## YOUR OBJECTIVE:
Set down exactly the lines in the records below that run from the line with "室内楽や歌を学べる、大人の集" to the line with "據(jù)巴西農(nóng)", inclusive, and nothing more.

## Records excerpted from a collection:
==*==

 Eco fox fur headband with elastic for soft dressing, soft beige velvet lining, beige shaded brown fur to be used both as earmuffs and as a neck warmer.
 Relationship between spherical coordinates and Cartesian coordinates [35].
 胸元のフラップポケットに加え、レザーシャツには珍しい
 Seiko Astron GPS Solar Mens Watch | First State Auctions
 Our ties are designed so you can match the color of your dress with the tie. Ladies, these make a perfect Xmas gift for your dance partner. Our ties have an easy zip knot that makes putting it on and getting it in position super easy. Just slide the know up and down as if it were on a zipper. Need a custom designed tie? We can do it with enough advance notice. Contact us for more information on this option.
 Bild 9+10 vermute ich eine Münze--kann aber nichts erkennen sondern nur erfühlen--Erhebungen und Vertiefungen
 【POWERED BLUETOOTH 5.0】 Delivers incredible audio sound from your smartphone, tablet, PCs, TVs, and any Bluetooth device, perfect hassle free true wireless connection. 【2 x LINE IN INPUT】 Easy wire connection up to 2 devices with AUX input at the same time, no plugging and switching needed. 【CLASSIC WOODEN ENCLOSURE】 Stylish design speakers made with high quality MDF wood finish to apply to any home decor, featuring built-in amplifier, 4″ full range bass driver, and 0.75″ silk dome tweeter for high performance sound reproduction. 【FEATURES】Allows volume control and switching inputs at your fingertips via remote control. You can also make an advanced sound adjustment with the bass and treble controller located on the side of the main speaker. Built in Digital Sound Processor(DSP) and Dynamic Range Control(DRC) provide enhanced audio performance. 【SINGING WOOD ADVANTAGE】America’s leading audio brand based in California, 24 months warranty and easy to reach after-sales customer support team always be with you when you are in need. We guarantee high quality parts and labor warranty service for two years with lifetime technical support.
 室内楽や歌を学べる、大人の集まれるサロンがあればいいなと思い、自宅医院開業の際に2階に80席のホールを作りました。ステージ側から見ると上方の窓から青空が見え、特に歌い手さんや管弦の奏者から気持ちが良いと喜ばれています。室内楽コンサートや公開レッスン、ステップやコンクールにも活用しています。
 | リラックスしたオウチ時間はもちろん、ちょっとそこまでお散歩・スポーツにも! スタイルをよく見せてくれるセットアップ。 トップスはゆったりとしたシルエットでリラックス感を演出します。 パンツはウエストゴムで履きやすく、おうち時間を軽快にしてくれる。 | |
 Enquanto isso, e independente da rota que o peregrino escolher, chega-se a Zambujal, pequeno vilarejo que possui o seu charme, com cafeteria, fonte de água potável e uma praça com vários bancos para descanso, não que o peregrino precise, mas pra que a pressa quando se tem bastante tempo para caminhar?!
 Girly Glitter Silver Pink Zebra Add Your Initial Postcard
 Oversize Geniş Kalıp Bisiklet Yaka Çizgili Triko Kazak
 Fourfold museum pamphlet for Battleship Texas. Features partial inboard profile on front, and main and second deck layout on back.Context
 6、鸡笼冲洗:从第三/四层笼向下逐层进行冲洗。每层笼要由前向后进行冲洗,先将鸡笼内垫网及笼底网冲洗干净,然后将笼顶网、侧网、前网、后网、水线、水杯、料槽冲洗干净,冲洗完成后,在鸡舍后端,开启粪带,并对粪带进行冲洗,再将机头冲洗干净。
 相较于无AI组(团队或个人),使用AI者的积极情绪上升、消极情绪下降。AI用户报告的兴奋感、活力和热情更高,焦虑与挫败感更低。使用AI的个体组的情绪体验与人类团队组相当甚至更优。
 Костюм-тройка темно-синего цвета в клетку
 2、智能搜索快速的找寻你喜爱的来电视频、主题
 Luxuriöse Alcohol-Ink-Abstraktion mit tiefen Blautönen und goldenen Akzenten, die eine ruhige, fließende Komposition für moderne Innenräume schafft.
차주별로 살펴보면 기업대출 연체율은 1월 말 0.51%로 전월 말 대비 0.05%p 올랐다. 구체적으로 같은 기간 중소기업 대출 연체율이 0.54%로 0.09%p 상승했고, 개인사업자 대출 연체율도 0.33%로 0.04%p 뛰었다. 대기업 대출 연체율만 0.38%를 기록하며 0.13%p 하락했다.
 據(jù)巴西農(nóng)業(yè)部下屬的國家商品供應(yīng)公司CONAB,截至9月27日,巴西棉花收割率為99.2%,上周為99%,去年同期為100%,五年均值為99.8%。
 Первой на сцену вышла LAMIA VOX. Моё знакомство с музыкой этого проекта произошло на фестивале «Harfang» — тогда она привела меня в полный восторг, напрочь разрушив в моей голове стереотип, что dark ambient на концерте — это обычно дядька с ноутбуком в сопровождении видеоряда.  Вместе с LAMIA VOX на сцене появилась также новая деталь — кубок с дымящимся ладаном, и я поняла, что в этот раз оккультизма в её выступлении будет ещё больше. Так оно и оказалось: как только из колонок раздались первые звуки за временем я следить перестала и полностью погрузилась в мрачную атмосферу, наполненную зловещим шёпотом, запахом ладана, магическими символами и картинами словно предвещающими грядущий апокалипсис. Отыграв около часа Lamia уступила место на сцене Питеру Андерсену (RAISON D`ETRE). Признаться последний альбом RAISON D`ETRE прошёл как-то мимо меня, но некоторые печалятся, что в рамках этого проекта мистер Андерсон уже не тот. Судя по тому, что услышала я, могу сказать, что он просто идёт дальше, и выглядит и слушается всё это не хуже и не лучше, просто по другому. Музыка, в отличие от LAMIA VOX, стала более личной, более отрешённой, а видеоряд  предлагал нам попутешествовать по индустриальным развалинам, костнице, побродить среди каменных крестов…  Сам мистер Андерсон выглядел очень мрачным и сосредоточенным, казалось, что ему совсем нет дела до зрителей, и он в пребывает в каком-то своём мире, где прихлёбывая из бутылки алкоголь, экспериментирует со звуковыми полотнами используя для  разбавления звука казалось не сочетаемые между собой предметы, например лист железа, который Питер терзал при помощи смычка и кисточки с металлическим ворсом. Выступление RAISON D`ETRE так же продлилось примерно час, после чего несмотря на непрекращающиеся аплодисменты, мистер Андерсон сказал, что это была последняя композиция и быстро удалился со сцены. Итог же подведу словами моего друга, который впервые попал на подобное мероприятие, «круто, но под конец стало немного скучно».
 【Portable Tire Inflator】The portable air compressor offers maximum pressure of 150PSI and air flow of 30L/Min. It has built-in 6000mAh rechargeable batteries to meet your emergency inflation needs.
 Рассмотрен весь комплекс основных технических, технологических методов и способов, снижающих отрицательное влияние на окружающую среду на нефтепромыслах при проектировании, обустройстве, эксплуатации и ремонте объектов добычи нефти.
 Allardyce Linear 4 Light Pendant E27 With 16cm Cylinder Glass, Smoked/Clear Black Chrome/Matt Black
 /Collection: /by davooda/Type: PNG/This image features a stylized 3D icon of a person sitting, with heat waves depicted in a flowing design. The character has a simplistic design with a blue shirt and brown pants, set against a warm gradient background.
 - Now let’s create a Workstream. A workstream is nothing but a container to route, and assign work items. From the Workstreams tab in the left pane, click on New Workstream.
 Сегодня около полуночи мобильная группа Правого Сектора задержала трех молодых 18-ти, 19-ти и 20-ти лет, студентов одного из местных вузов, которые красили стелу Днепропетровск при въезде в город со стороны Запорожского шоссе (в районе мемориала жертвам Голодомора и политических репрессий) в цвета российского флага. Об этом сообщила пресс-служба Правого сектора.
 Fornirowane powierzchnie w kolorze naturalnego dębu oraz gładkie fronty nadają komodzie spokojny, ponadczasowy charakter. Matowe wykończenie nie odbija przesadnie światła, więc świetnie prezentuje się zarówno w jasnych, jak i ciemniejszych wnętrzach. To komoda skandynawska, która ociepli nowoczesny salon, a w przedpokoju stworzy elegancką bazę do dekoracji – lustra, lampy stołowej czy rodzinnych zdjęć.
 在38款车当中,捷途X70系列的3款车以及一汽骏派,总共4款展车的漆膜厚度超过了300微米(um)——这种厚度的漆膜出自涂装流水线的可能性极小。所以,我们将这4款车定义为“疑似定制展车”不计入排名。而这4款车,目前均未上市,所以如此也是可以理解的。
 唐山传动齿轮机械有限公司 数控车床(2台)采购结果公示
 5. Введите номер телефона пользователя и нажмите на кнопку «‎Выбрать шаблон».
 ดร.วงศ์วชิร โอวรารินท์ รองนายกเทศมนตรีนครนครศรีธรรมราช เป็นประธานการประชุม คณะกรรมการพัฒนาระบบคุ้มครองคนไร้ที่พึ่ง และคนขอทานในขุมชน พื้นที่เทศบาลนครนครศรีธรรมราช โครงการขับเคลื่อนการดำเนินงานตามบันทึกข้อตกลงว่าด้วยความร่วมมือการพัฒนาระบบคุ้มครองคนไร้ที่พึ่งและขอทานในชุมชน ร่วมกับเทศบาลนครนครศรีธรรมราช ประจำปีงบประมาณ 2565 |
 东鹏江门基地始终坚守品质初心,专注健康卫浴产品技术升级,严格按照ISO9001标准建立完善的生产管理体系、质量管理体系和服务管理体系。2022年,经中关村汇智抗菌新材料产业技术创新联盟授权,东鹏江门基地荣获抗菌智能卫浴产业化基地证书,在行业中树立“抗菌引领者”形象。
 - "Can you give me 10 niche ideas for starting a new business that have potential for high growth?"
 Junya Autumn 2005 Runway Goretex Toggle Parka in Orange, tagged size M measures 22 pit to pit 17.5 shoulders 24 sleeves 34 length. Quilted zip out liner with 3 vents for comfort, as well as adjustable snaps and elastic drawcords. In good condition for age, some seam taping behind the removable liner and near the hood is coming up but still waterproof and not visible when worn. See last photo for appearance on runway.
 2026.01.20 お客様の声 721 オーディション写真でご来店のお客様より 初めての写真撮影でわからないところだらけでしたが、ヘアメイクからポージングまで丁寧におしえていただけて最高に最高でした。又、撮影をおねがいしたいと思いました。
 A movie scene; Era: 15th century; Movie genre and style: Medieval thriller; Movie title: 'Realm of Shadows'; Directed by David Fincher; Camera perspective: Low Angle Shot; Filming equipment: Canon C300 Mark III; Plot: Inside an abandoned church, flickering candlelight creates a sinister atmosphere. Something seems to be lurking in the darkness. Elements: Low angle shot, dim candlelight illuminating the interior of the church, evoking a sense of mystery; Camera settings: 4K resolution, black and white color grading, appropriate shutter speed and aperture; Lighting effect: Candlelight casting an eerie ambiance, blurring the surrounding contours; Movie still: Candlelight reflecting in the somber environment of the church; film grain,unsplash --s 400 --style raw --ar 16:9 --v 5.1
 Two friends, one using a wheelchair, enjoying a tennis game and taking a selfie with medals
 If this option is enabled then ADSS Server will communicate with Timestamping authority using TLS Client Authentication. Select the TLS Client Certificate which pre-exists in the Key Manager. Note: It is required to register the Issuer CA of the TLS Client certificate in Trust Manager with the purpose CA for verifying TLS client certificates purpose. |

==*==

## SOLVED EXERCISE:
 室内楽や歌を学べる、大人の集まれるサロンがあればいいなと思い、自宅医院開業の際に2階に80席のホールを作りました。ステージ側から見ると上方の窓から青空が見え、特に歌い手さんや管弦の奏者から気持ちが良いと喜ばれています。室内楽コンサートや公開レッスン、ステップやコンクールにも活用しています。
 | リラックスしたオウチ時間はもちろん、ちょっとそこまでお散歩・スポーツにも! スタイルをよく見せてくれるセットアップ。 トップスはゆったりとしたシルエットでリラックス感を演出します。 パンツはウエストゴムで履きやすく、おうち時間を軽快にしてくれる。 | |
 Enquanto isso, e independente da rota que o peregrino escolher, chega-se a Zambujal, pequeno vilarejo que possui o seu charme, com cafeteria, fonte de água potável e uma praça com vários bancos para descanso, não que o peregrino precise, mas pra que a pressa quando se tem bastante tempo para caminhar?!
 Girly Glitter Silver Pink Zebra Add Your Initial Postcard
 Oversize Geniş Kalıp Bisiklet Yaka Çizgili Triko Kazak
 Fourfold museum pamphlet for Battleship Texas. Features partial inboard profile on front, and main and second deck layout on back.Context
 6、鸡笼冲洗:从第三/四层笼向下逐层进行冲洗。每层笼要由前向后进行冲洗,先将鸡笼内垫网及笼底网冲洗干净,然后将笼顶网、侧网、前网、后网、水线、水杯、料槽冲洗干净,冲洗完成后,在鸡舍后端,开启粪带,并对粪带进行冲洗,再将机头冲洗干净。
 相较于无AI组(团队或个人),使用AI者的积极情绪上升、消极情绪下降。AI用户报告的兴奋感、活力和热情更高,焦虑与挫败感更低。使用AI的个体组的情绪体验与人类团队组相当甚至更优。
 Костюм-тройка темно-синего цвета в клетку
 2、智能搜索快速的找寻你喜爱的来电视频、主题
 Luxuriöse Alcohol-Ink-Abstraktion mit tiefen Blautönen und goldenen Akzenten, die eine ruhige, fließende Komposition für moderne Innenräume schafft.
차주별로 살펴보면 기업대출 연체율은 1월 말 0.51%로 전월 말 대비 0.05%p 올랐다. 구체적으로 같은 기간 중소기업 대출 연체율이 0.54%로 0.09%p 상승했고, 개인사업자 대출 연체율도 0.33%로 0.04%p 뛰었다. 대기업 대출 연체율만 0.38%를 기록하며 0.13%p 하락했다.
 據(jù)巴西農(nóng)業(yè)部下屬的國家商品供應(yīng)公司CONAB,截至9月27日,巴西棉花收割率為99.2%,上周為99%,去年同期為100%,五年均值為99.8%。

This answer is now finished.